Лошадка шла ходко, и людей встречалось немного – Рано выехали, до свету. Уж и городские ворота показались… Лис расслабился, отпустил вожжи, и вдруг метнулся прямо перед лошадиной мордой вчерашний незнакомец, цыкнул звонко. Донка пряднула ушами, рванулась в сторону. Лис заорал, поднимаясь, да поздно – полетела с телеги поклажа прямо на бражку воев, стоявших в сторонке. Пока Лис успокаивал лошадь, а я в поисках темного по сторонам озирался, Медведь поднял с земли упавшую Беляну и подошел к воям:

– Простите, люди добрые. Не привыкла наша лошаденка к городам…

Понял я, что случилось непоправимое, только когда осекся Медведь на полуслове да ахнула приглушенно Беляна, зажимая, ладонью рот. А когда разглядел, на кого свалилось наше добро, то и сам чуть не вскрикнул…

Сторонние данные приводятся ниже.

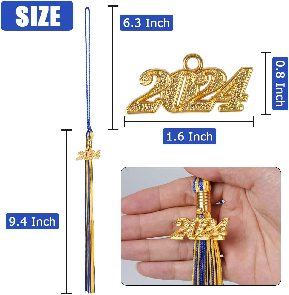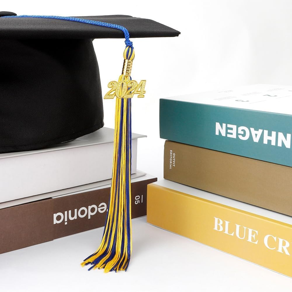 Store New Arrivals Add to Favorite View Feedback 2024 Graduation Cap Tassel with Gold Charm - Blue & Gold Description Item Weight 0.317 ounces Color Blue Gold Manufacturer Lhocm Package Dimensions 9.29 x 1.85 x 0.43 inches Size 2024 πŸŽ“πŸŽ“ Application: Elevate your graduation experience with our meaningful graduation tassel with charm. It's not just an accessory; it's a symbol of your achievement. Perfect for adorning graduation hats and dresses, and a thoughtful addition to graduation gifts and memorabilia. achievement. Perfect for adorning graduation hats and dresses, and a thoughtful addition to graduation gifts and memorabilia. πŸŽ“πŸŽ“ Features: Crafted from premium polyester, our graduation tassel boasts a smooth surface, ensuring both comfort and durability. Its soft yet sturdy construction makes it an exceptional accessory for your cherished graduation cap. πŸŽ“πŸŽ“ Tassel Dimensions: With a tassel length of 9.4 inches and a hang loop length of 6.5 inches, our tassel is designed to perfectly complement your graduation cap and gown. It's a fitting embellishment for your special day. πŸŽ“πŸŽ“ Package Includes: Your purchase includes 1 piece of graduation tassel, each adorned with a radiant gold 2024 year charm. These tassels are more than just decorations – they hold the memories of your hard-earned achievement. πŸŽ“πŸŽ“ Customer Satisfaction: Your happiness is our priority. Should you have any inquiries or concerns, don't hesitate to reach out to us through "contact sellers." We're committed to providing exceptional support to ensure your satisfaction. Your graduation experience matters to us! Elegant Details: Each tassel is adorned with a charming golden 2024 year pendant, fastened securely by a reinforced metal clasp holder. This intricate embellishment adds a touch of beauty and sophistication to the accessory. Versatile Applications: Perfect for Commencements and Celebrations: These tassels are not just accessories; they are an integral part of your graduation experience. Whether worn on garments or used as adornments during graduation ceremonies and parties, they will remain as cherished keepsakes, preserving the essence of your joyful memories. Specifications: Tassel Length: 22 cm Hang Loop Length: Approximately 17 cm Crafted from Quality Materials: Made from durable polyester material, ensuring longevity and retaining its pristine appearance. Elegant Hue: Available in a serene shade of blue, symbolizing wisdom and accomplishment. Thoughtful Quantity: Each package includes a set of 2 tassels, providing you with extra options for personalization and gifting. Package Contents: 2 Graduation Tassels 2 Exquisite Golden 2024 Year Charms These enhancements refine the description to be more detailed and appealing, focusing on the quality, versatility, and sentimental value of the graduation tassels and their accessories. ABOUT US We offer the best prices around on high quality products. Our E-store includes media such as books, movies, music and games while offering electronics, toys, sporting apparel, clothing, tools, general home, garden items and more. SHIPPING We are always working hard to ensure your package arrives as soon as possible. Please understand that some factors like weather, high postal traffic, and the performance of shipping companies are outside of our control. We offer free shipping to the lower 48 states and ship within 2 business days of payment, usually sooner. We do not accept P.O. Boxes. Please provide a physical address. RETURNS We offer a 30-Day Return Policy on items which you are not completely satisfied with. You have the option for a full-refund or an exchange of the item. No returns are available on items shipped outside of the USA. PAYMENT We accept PayPal. CONTACT US This page content is yet to come Please ad us to your favorite seller and visit again later Thank You

Стоял перед нами, тараща изумленные глаза, Микола. Тот самый, с которым в позапрошлую осень поцапался Медведь, тот, из-за кого нас в темницу Меслава упрятали. Жаль, не только мы памятливы оказались – он тоже.

– Вяжи их! – заорал стоящим рядом приятелям. – Это болотники! Гуннаровы убийцы! Меслав их уж второй год ищет!

– Был ты стервецом, – огрызнулся Медведь, – им и остался. Никого мы не убивали и Гуннара этого вовсе не знаем.

Уж лучше бы он не словами отвечал, а ударами. Тогда, глядишь, и раскидали бы Дубовницких воев, утекли за ворота, а там – ищи ветра в поле…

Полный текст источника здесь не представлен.